(Data for this task)
*** Begin section ***

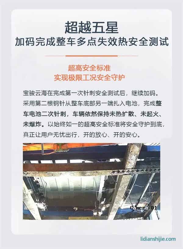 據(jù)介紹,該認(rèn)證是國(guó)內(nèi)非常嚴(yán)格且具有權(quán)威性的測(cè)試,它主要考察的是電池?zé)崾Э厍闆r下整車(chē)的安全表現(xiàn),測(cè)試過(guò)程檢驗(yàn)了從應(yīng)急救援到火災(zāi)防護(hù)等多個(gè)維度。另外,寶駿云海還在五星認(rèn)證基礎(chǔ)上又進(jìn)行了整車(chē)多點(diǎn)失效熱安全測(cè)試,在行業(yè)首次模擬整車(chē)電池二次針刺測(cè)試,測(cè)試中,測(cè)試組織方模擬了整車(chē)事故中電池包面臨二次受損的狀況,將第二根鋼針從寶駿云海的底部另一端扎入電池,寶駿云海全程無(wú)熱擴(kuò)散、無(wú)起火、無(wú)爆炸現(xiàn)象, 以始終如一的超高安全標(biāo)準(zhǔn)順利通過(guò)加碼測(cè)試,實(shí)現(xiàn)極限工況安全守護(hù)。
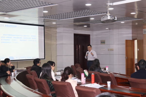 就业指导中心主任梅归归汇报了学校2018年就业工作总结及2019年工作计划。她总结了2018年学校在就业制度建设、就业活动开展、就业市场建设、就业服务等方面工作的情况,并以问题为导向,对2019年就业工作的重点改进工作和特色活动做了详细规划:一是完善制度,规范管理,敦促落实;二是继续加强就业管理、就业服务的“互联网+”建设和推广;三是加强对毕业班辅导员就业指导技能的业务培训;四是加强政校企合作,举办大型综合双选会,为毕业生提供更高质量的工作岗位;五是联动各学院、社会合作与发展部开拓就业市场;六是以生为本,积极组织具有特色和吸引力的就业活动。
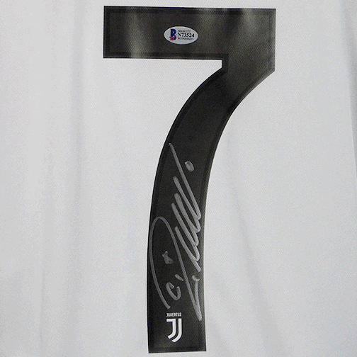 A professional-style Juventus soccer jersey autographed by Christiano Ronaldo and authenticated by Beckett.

*** End section ***
*** Begin section ***

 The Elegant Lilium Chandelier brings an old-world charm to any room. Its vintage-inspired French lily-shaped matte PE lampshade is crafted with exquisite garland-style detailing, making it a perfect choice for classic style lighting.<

*** End section ***

(What the task requires) Reproduce the records above exactly, but only from the line with "據(jù)介紹,該認(rèn" up to and including the line with "A professional-style Juventus". Leave the pictures out.

(Task solution)
 據(jù)介紹,該認(rèn)證是國(guó)內(nèi)非常嚴(yán)格且具有權(quán)威性的測(cè)試,它主要考察的是電池?zé)崾Э厍闆r下整車(chē)的安全表現(xiàn),測(cè)試過(guò)程檢驗(yàn)了從應(yīng)急救援到火災(zāi)防護(hù)等多個(gè)維度。另外,寶駿云海還在五星認(rèn)證基礎(chǔ)上又進(jìn)行了整車(chē)多點(diǎn)失效熱安全測(cè)試,在行業(yè)首次模擬整車(chē)電池二次針刺測(cè)試,測(cè)試中,測(cè)試組織方模擬了整車(chē)事故中電池包面臨二次受損的狀況,將第二根鋼針從寶駿云海的底部另一端扎入電池,寶駿云海全程無(wú)熱擴(kuò)散、無(wú)起火、無(wú)爆炸現(xiàn)象, 以始終如一的超高安全標(biāo)準(zhǔn)順利通過(guò)加碼測(cè)試,實(shí)現(xiàn)極限工況安全守護(hù)。
 就业指导中心主任梅归归汇报了学校2018年就业工作总结及2019年工作计划。她总结了2018年学校在就业制度建设、就业活动开展、就业市场建设、就业服务等方面工作的情况,并以问题为导向,对2019年就业工作的重点改进工作和特色活动做了详细规划:一是完善制度,规范管理,敦促落实;二是继续加强就业管理、就业服务的“互联网+”建设和推广;三是加强对毕业班辅导员就业指导技能的业务培训;四是加强政校企合作,举办大型综合双选会,为毕业生提供更高质量的工作岗位;五是联动各学院、社会合作与发展部开拓就业市场;六是以生为本,积极组织具有特色和吸引力的就业活动。
 A professional-style Juventus soccer jersey autographed by Christiano Ronaldo and authenticated by Beckett.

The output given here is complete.